Search code examples
stringluagarbage-collection

Absolute achievable minimum of GC with string concat in LUA?


Runtime: lua 5.1.x compiled under ARM64, no c-modules allowed

Example code, ready to run: https://paste.gg/p/anonymous/08f364480a5f470e9da610ab565e11c0

I need to concat bunch of string per X ms in a loop. From my understanding, LUA supports string interning, which means that string literals are "cached" and not allocated each time. Therefore, only direct calls tostring() (or .. sugar) will allocate. The rest of existing string-values will be passed by reference.

What I've done so far:

  • eliminated all integer->string allocations (via LUT)
  • although tostring(bool) does return interned string from cache, I eliminated that too
  • created pseudo-stringbuilder via table that works via indicies (~16B each)
  • "pre-resized" said table to avoid cost of associative addition and made it a global one so it is not collected and re-created each time
  • used table.concat() for final big string concatenation

The final results still make me sad:

Allocated pre-concat: 2.486328125 KB
Allocated post-concat: 39.7451171875 KB
Total table meta bytes: 1544 B
Total tostring meta bytes: 273 B

Is there something I'm missing or am I at the limit of LUA here?


Solution

  • You want to minimize the number of intermediate allocations of strings object in order to reduce the GC pressure and slow down GC hits. In this case, I suggest you to limit yourself to 1 call to string.format with the string your want to format:

    • The string format can be declared globally so that it is interned once.
    • The string.format code can be read here. What we can see from this code is that the intermediate string transformations are done on the C stack with a buffer of LUAL_BUFFERSIZE bytes. This size is declared in luaconf.h and can be customized according to your needs.
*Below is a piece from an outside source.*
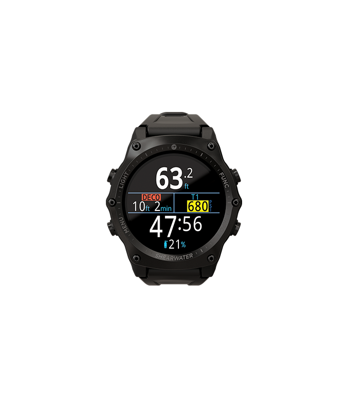 The Teric offers an information screen utilizing a {1.39 in | 35 mm} full color AMOLED display with a { Diameter x Height | 55mm x 18mm } body and { 4.25 oz | 120.4 g } weight. Brightness levels are user adjustable and accessible with just one button press. During a decompression dive, the Teric provides complete information displays of all required stop times. The Teric can provide time-to-surface based on “look ahead” at planned gas switches. Multiple gas definition presets are supported with any combination of oxygen, nitrogen and helium. The Teric will NOT “lockout” after a missed stop or ascent rate violation. After the dive, the Teric communicates via Bluetooth to connect with the Shearwater Cloud dive log manager, which is compatible with MS Windows, OS X, iOS and Android devices, supporting wireless log downloads and firmware updates.
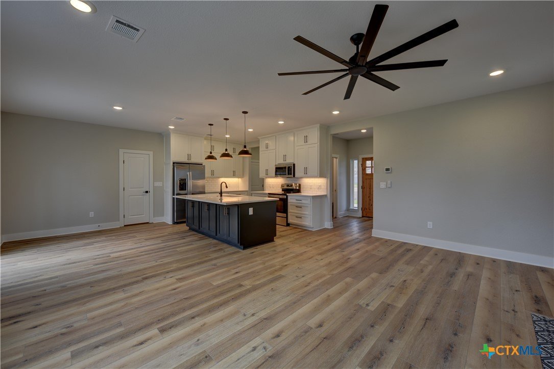 Modern living meets small-town charm in this beautifully crafted new construction near Flatonia schools. Set on over a quarter-acre, this home offers peaceful living with easy access to Houston, Austin, and San Antonio. The bright, open layout features a spacious kitchen with ample cabinetry, quartz island, and GE Energy Star stainless appliances. The dining area opens to a large backyard through sliding glass doors. A tiled Craftsman-style fireplace anchors the inviting living room, while a guest powder room and under-stair walk-in closet add convenience. Upstairs, the oversized primary suite includes a walk-in closet, double vanity, and walk-in shower. Two additional bedrooms and a full bath provide space for family or guests. Out back, enjoy the 13' x 34' patio—perfect for entertaining or relaxing. This thoughtfully designed home combines style, function, and comfort in a prime Central Texas location.

This approach should be the most efficient for your use-case as you just drop all the intermediate steps (table insertions, table.concat, etc).
    local MY_STRING_FORMAT = [[My Very Big String
    param-string-1 %d
    param-string-2 %x
    param-string-3 %f
    param-string-4 %d
    param-string-5 %d
    ]]
    
    string.format(MY_STRING_FORMAT,
                  Param1,
                  Param2,
                  Param3,
                  Param4,
                  Param5,
                  etc...)